Fix. Either make the benchmark match the real shape (Blackhole.consume(Integer.valueOf(n + 1000)) for non-cached values that escape), or don't generalise from one benchmark. EA's success is per-call-site, not per-type.


Bug 2 — Storing in a field defeats EA across every caller

public class PathTracer {
    private Point cursor;                                 // mutable field

    public double walk(double[] xs, double[] ys) {
        double dist = 0;
        for (int i = 0; i < xs.length; i++) {
            Point next = new Point(xs[i], ys[i]);
            if (cursor != null) {
                dist += cursor.distanceTo(next);
            }
            cursor = next;                                 // <-- GlobalEscape
        }
        return dist;
    }
}

async-profiler -e alloc flags walk as the top allocator: 16 bytes per iteration. The cursor field reaches outside the method, so every next reference must be valid on the heap.

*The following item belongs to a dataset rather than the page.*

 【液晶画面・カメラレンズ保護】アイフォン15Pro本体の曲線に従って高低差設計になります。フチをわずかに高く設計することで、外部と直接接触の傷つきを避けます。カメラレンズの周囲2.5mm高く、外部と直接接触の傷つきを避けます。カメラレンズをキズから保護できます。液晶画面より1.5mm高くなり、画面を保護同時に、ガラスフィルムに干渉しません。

Symptom. A long-running path-tracing service shows 200 MB/sec of allocation rate, GC pause time dominating its SLA. Same code in a synthetic benchmark (without the field) showed 0.0 B/op.

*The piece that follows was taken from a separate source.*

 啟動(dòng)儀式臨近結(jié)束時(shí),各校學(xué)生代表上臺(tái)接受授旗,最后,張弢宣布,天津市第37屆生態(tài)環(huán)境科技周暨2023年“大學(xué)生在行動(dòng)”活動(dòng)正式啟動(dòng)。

Fix. Store the values, not the object:

public class PathTracer {
    private double cursorX, cursorY;
    private boolean hasCursor;

    public double walk(double[] xs, double[] ys) {
        double dist = 0;
        for (int i = 0; i < xs.length; i++) {
            Point next = new Point(xs[i], ys[i]);
            if (hasCursor) {
                dist += new Point(cursorX, cursorY).distanceTo(next);
            }
            cursorX = next.x(); cursorY = next.y(); hasCursor = true;
        }
        return dist;
    }
}

Both Point allocations are NoEscape (the constructed Point from cursorX/cursorY and the next Point). EA eliminates both. The field still tracks position, but as scalars.


Bug 3 — record stored in a final field still escapes

public final class Aggregator {
    private final List<Point> history = new ArrayList<>();

    public void track(double x, double y) {
        Point p = new Point(x, y);
        history.add(p);                                    // GlobalEscape via list
    }
}

The record helps — it would be EA-friendly if p stayed local. But adding to history writes the reference into a field of ArrayList, which is reachable from outside the method. GlobalEscape.

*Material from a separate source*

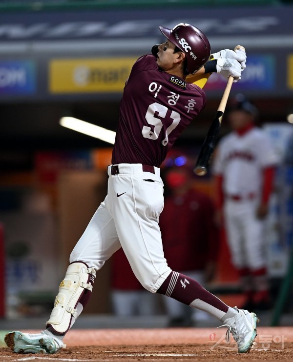 29일 인천 SSG 랜더스필드에서 ‘2022 신한은행 SOL KBO리그’ SSG 랜더스와 키움 히어로즈의 경기가 열렷다. 3회초 2사 1, 2루에서 키움 이정후가 3점 홈런을 쏘아 올리고 있다.

Symptom. Engineers see "I used a record, EA should win" in the PR description; the production allocation rate disagrees.

Fix. If you actually need the history, the allocation is unavoidable — ArrayList stores references, period. The fix is either to not store history (do you need it?) or to store the components in a primitive-backed structure:

public final class Aggregator {
    private final DoubleArrayList xs = new DoubleArrayList();
    private final DoubleArrayList ys = new DoubleArrayList();

    public void track(double x, double y) {
        xs.add(x);                                          // primitives — no Point allocation
        ys.add(y);
    }
}

Same data, no Point objects, no EA dependency.


Bug 4 — Lambda capturing this escapes the enclosing instance

public class EventDispatcher {
    private final List<Listener> listeners = new ArrayList<>();
    private int counter;

    public void publish(Event e) {
        listeners.forEach(l -> {
            counter++;                                       // captures `this` via field write
            l.onEvent(e);
        });
    }
}

The lambda l -> { counter++; l.onEvent(e); } captures both this (for counter) and e. Even though the lambda body is small, the captured this reference is itself a long-lived field — the enclosing EventDispatcher instance. The lambda allocation is a Consumer instance that holds this and e; both are observable through the listener chain.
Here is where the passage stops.